TASK
Set down all of the data exactly. Pictures stay out of the copy.
BEGIN DATA LISTING
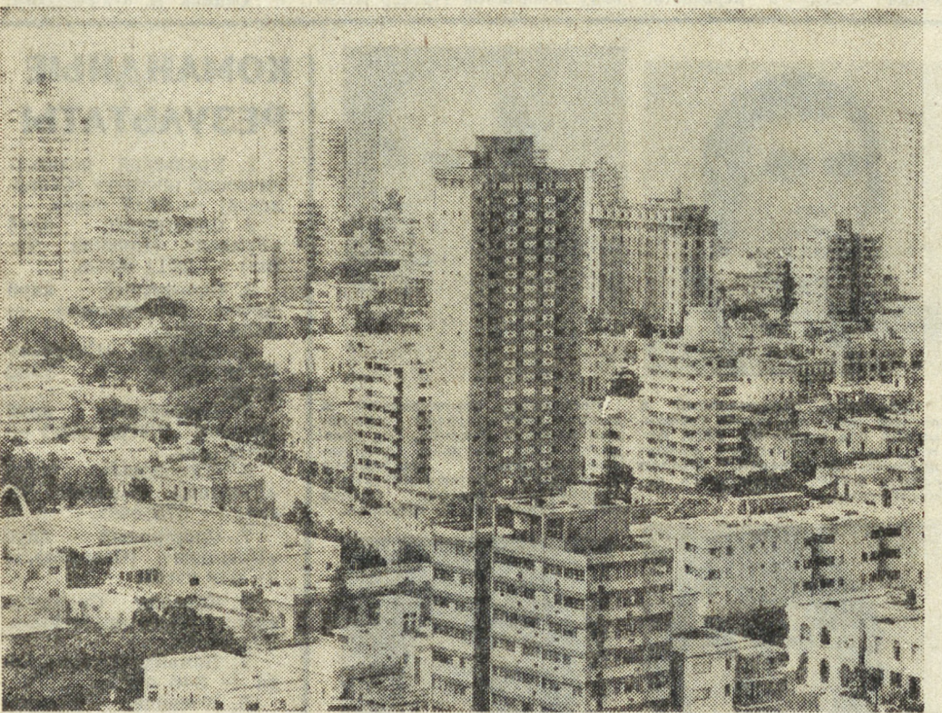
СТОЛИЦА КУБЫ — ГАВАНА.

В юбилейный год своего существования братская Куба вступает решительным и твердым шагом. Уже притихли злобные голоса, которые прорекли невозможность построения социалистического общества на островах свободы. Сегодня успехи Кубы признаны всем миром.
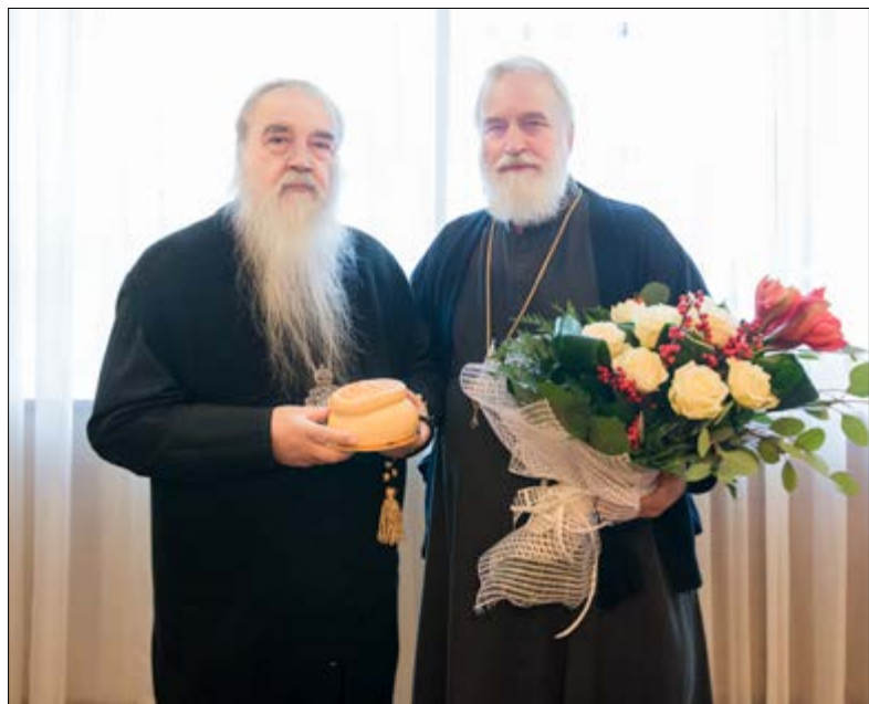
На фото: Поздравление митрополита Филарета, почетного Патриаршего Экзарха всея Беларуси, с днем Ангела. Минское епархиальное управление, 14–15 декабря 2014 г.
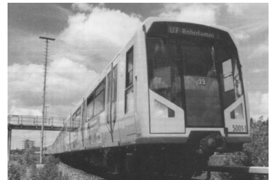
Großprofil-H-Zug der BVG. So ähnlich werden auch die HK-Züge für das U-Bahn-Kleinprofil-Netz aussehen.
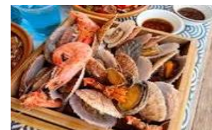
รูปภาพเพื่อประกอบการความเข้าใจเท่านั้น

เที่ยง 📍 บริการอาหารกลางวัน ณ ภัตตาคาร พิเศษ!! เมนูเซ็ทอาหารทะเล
END DATA LISTING
WRITTEN ANSWER
СТОЛИЦА КУБЫ — ГАВАНА.

В юбилейный год своего существования братская Куба вступает решительным и твердым шагом. Уже притихли злобные голоса, которые прорекли невозможность построения социалистического общества на островах свободы. Сегодня успехи Кубы признаны всем миром.
На фото: Поздравление митрополита Филарета, почетного Патриаршего Экзарха всея Беларуси, с днем Ангела. Минское епархиальное управление, 14–15 декабря 2014 г.
Großprofil-H-Zug der BVG. So ähnlich werden auch die HK-Züge für das U-Bahn-Kleinprofil-Netz aussehen.
รูปภาพเพื่อประกอบการความเข้าใจเท่านั้น

เที่ยง 📍 บริการอาหารกลางวัน ณ ภัตตาคาร พิเศษ!! เมนูเซ็ทอาหารทะเล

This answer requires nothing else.